The Copenhagen Hip dysfunction and Osteoarthritis Outcome Score (HOOS) is a popular, well known tool used in OA of the hip – to track the results of interventions such as hip arthroplasty as well as non-surgical treatments in individuals and groups.
It was originally validated in a population aged 42-89 and includes the WOMAC Osteoarthritis Index (which can be calculated from it and which in turn, is validated in elderly subjects with hip OA). As such, it is not a useful tool for a more active population.

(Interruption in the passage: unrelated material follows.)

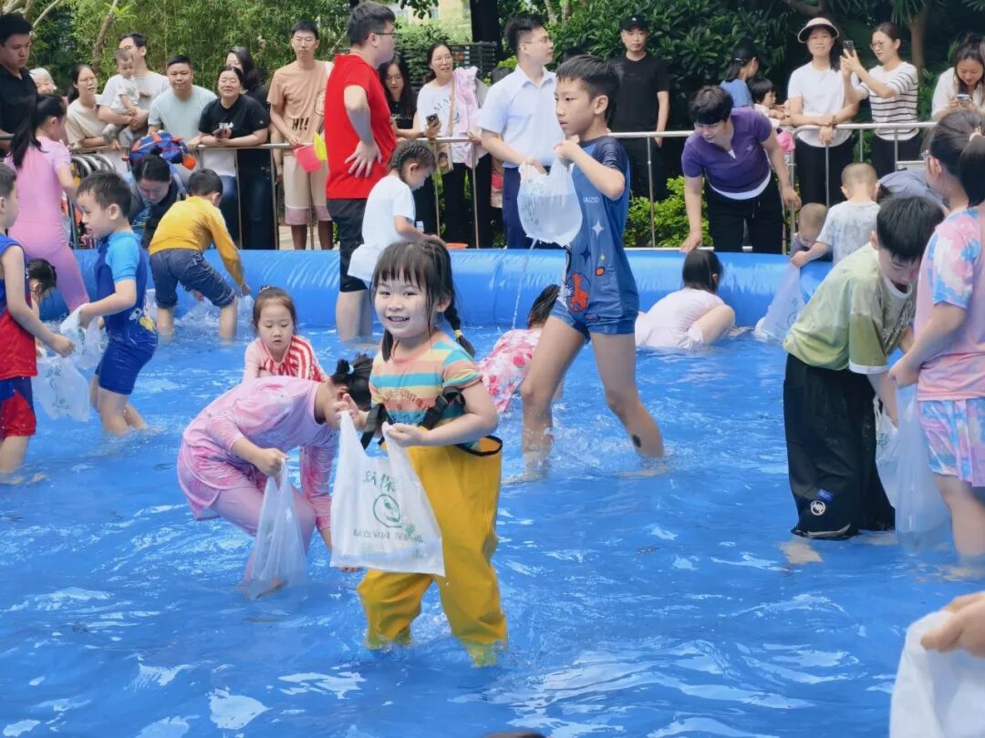 立夏时节,我们精心打造“摸鱼乐翻天”水上游乐场,唤醒都市人深藏的童趣。泳池化身欢乐竞技场,业主们或屏息蹲守,或追逐鱼群,水花飞溅间尽显童真本色;大朋友小朋友同池协作,满载“渔获”而归,鲜活的滋味延续着活动带来的温馨余韵……这场水花四溅的狂欢,让不同年龄层的业主在追逐嬉戏中打破隔阂,重拾邻里间最本真的情感联结。
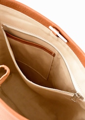 内装のポケットはファスナーを開けると小さいポケットが付いていて、鍵やリップスティックをサッと取り出せるよう工夫されています。

Hence its cousin – The Copenhagen Hip and Groin Outcome Score (HAGOS). HAGOS was developed in accordance with the (new at the time) COSMIN checklist.
HAGOS can be used in a young active population with hip or groin problems.
The HAGOS shares many of the same items as HOOS but includes more questions on “participation in physical activities” and “function in sport and recreation”, and less in “physical function in daily living”. Some of these questions were also derived from the Hip Outcome Score (HOS- frequently used to track outcomes of hip arthroscopy). Its questions relate to the “hip and / or groin”. It was originally validated for use in active patients (those participating in 2.5 hours or more per week of physical activity) aged 18-63 years.
The Copenhagen Hip And Groin Outcome Score – Sub-scales
- Activities of Daily Living
- Sport and Recreation
- Participation in Physical Activity
- Quality of Life
Some of the important things to know about HAGOS.
A score of 100 indicates no problems relating to the hip or groin, 0 means severe problems.
The “minimal important change” (MIC) is defined as the smallest measured change in a score that patients perceive as important. The MIC for HAGOS sub scales sits between 10-15 points.
The Minimal Important Change for HAGOS sub-scales is 10-15 points.
The “smallest detectable change” (SDC) is a reflection of measurement error. For HAGOS the SDC varies between sub-scales and when considered for an individual or a population. For individuals SDC is 34 points for “participation in physical activity” (PA) and 15-18 points for all other sub scales. For groups, SDC ranges between 3-5 points. This tells us that HAGOS (as with many PROMs) is better at detecting change at the group level.